Vreede R W, Kruyt J M, Nijhuis-Heddes J M A, Sastrowijoto S H
Vakgroep Medische Microbiologie, Reinier de Graaf Gasthuis, Reinier de Graafweg 3-11, 2625 AD Delft.
Ned Tijdschr Geneeskd. 2002 Mar 16;146(11):518-20.

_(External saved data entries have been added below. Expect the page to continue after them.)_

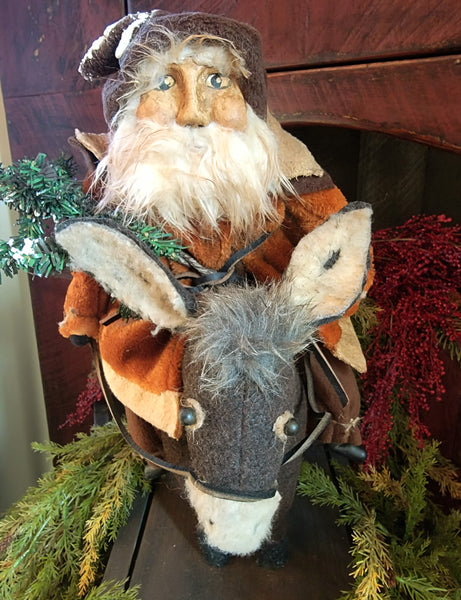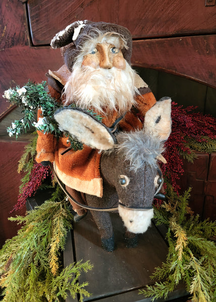 Another Amazing creation by Holly Schmidt! LOVE THIS!! This handmade clay face Santa is wearing rusty color coat and riding a Donkey!  He is holding a twig of greens.  Exquisite detail, one of a kind creation. Measures 16 inches high & sits on an 10.5 inch long wood base. MADE IN AMERICA
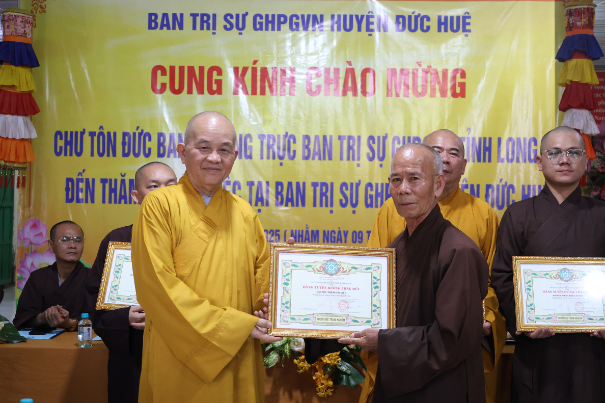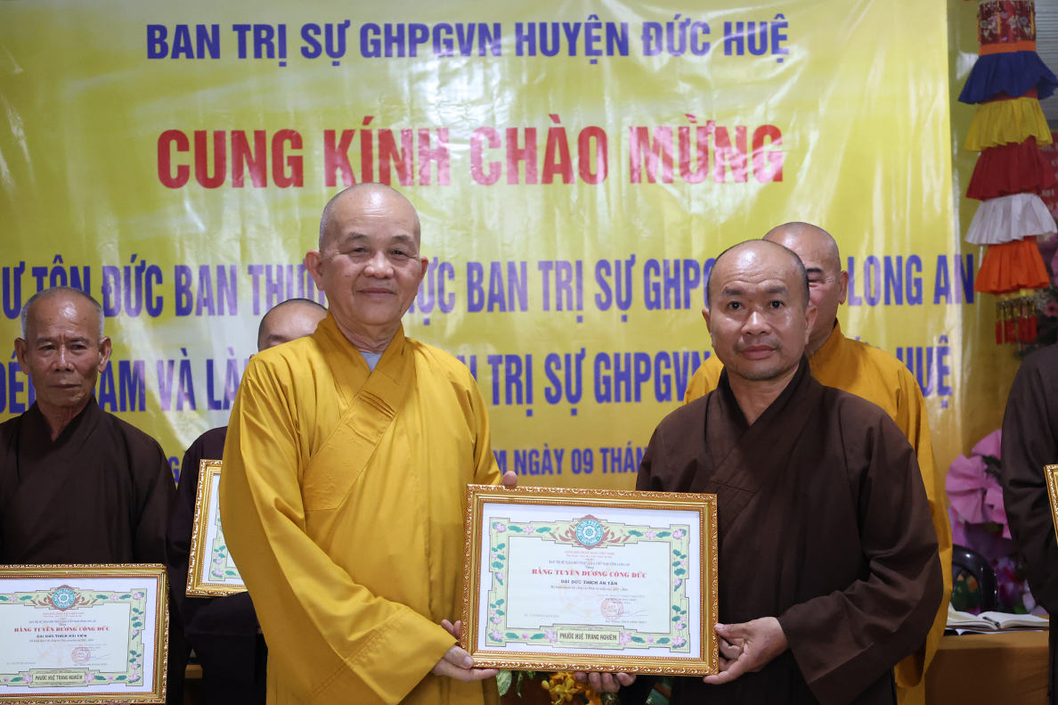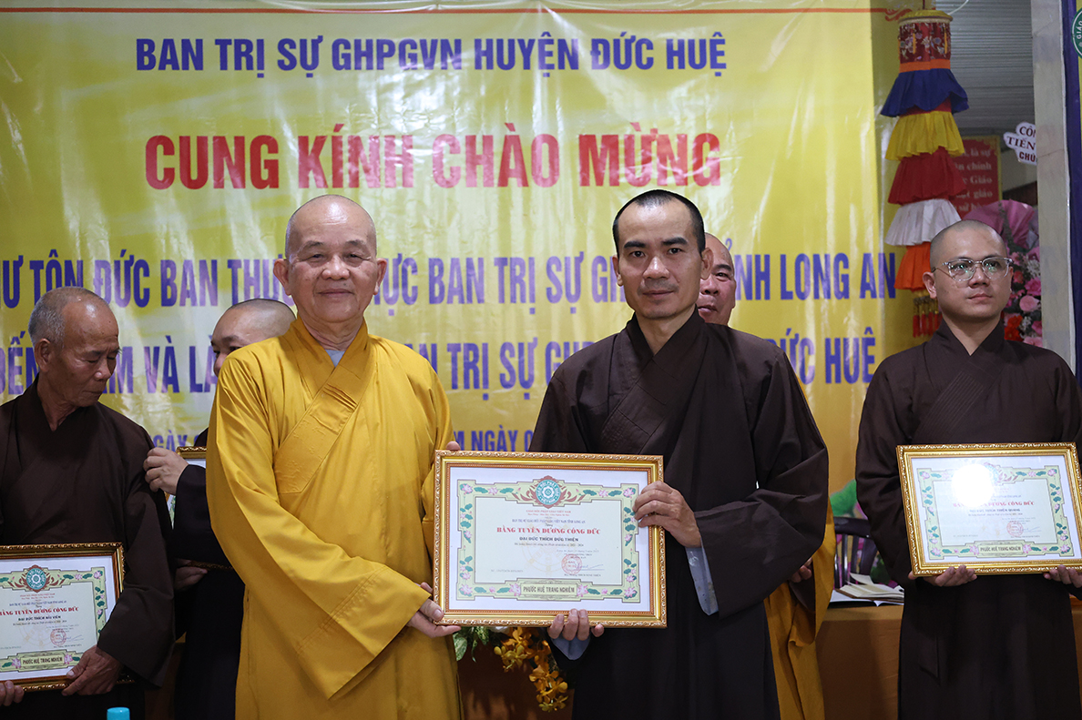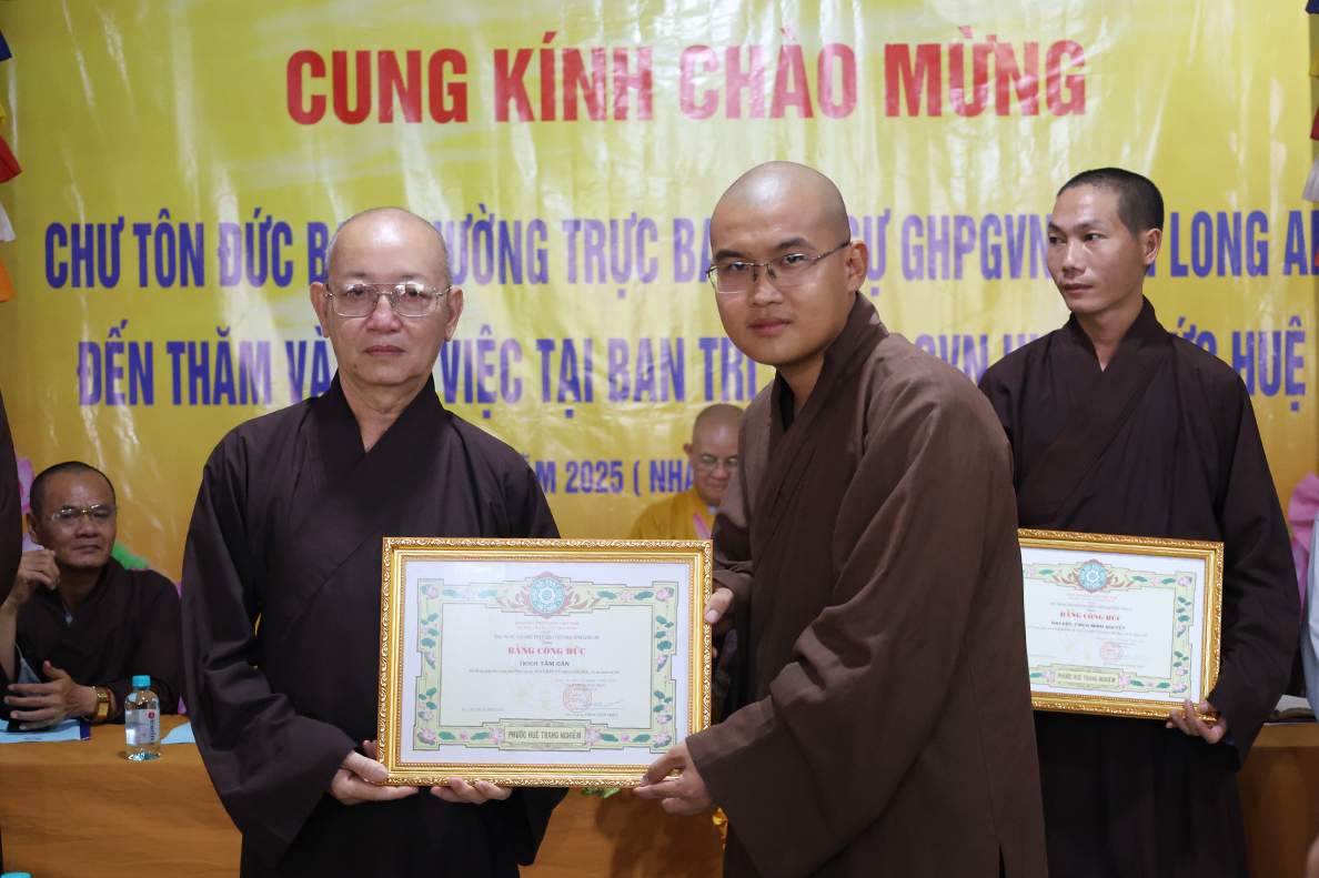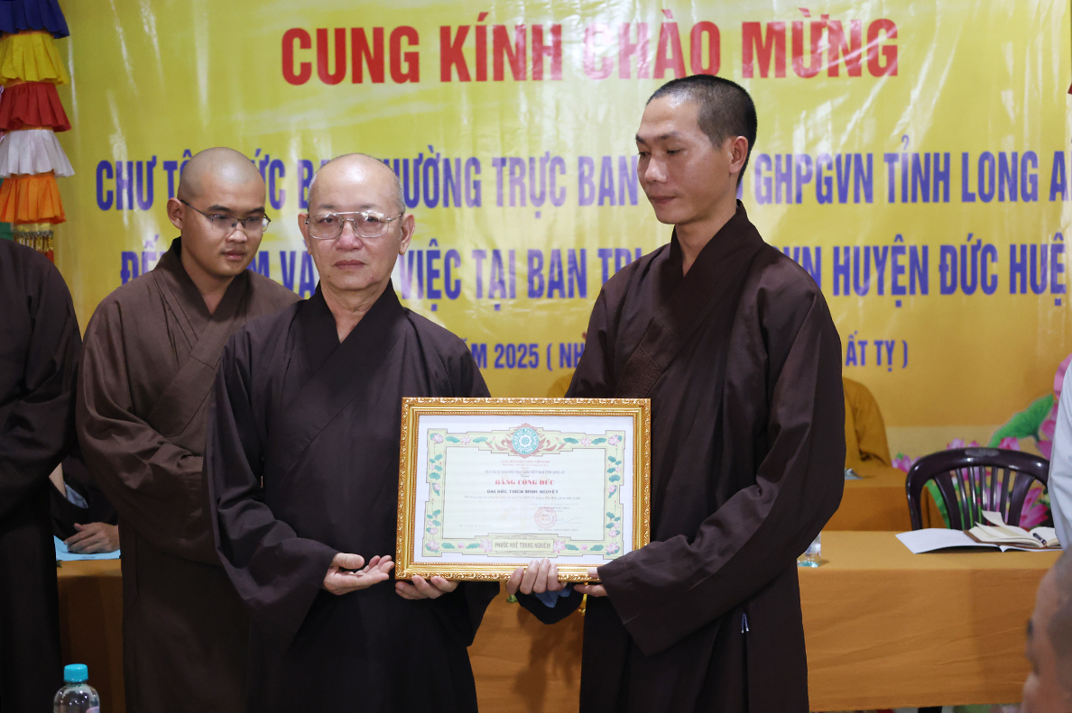 Dịp này, Ban Thường trực BTS GHPGVN tỉnh Long An đã trao bằng tuyên dương công đức đến các cá nhân và tập thể Chư Tôn đức BTS GHPGVN huyện Đức Huệ đã hoàn thành tốt công tác Phật sự năm 2025 (nhiệm kỳ 2021 – 2026).
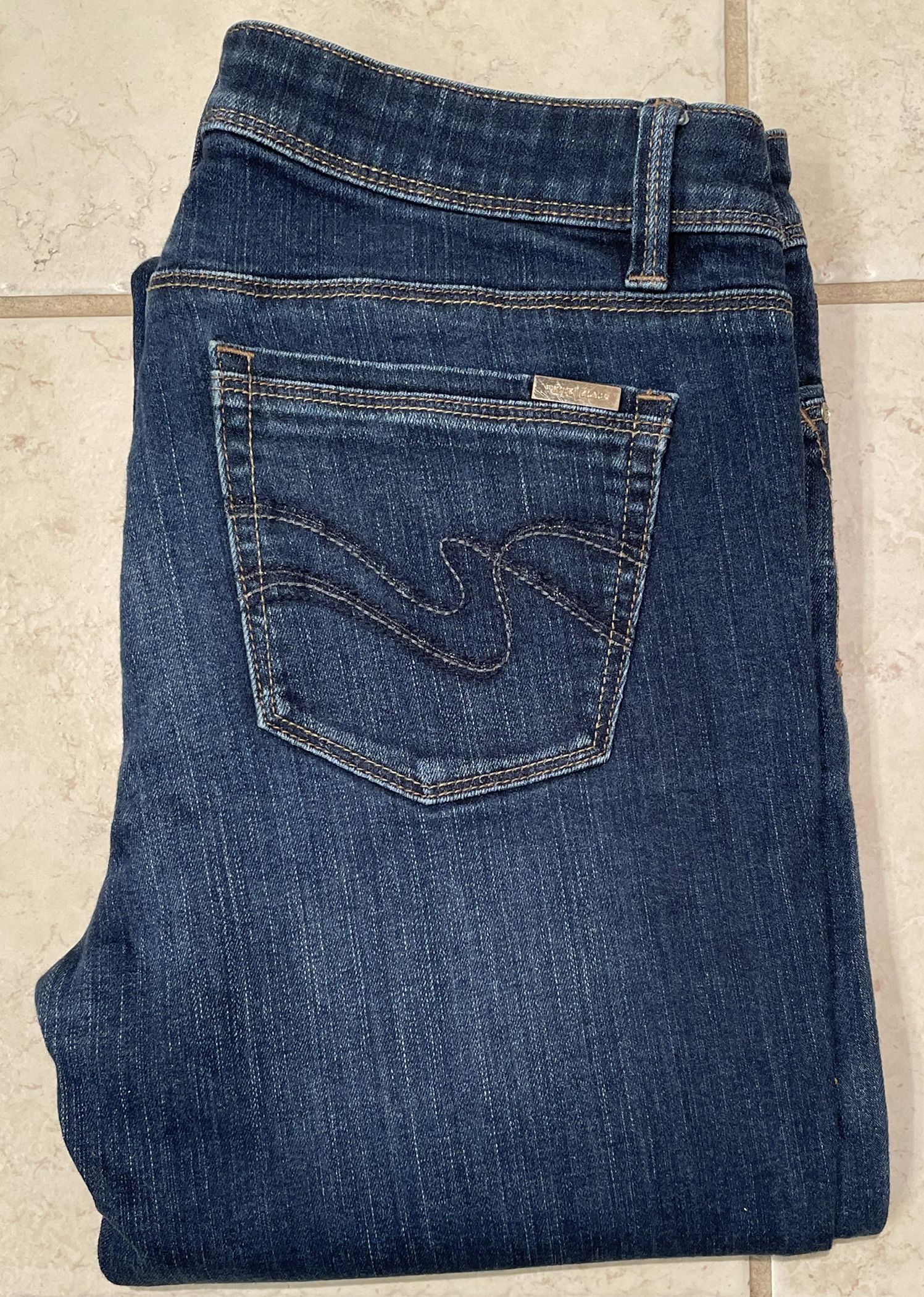 White House Black Market bootleg blue jeans in size 4R with a 30” inseam in good condition selling for $15.00

An eleven-year-old girl was operated on due to right-sided chronic otitis media with effusion. After three months, an impressive enlargement of the mucosal lining developed, for which thorough debridement of the middle ear and mastoid was performed. Histological examination revealed a granulomatous inflammation, with negative Ziehl-Neelsen staining. Standard bacteriological cultures revealed no pathogenic micro-organisms. Three weeks later the same clinical picture developed, once again followed by extensive surgical debridement. After a thorough diagnostic work-up an atypical mycobacterium was found, namely Mycobacterium abscessus--formerly named M. chelonei subspecies abscessus. Following appropriate antibiotic therapy the patient was symptom-free. Mycobacterial infections should be part of the differential diagnosis of persistent otorrhoea.
一名11岁女孩因右侧慢性渗出性中耳炎接受手术。三个月后,黏膜显著增厚,为此对中耳和乳突进行了彻底清创。组织学检查显示为肉芽肿性炎症,萋-尼染色阴性。标准细菌培养未发现致病微生物。三周后,同样的临床表现再次出现,随后再次进行了广泛的手术清创。经过全面的诊断检查,发现了一种非典型分枝杆菌,即脓肿分枝杆菌——以前称为龟分枝杆菌脓肿亚种。经过适当的抗生素治疗,患者症状消失。分枝杆菌感染应作为持续性耳漏鉴别诊断的一部分。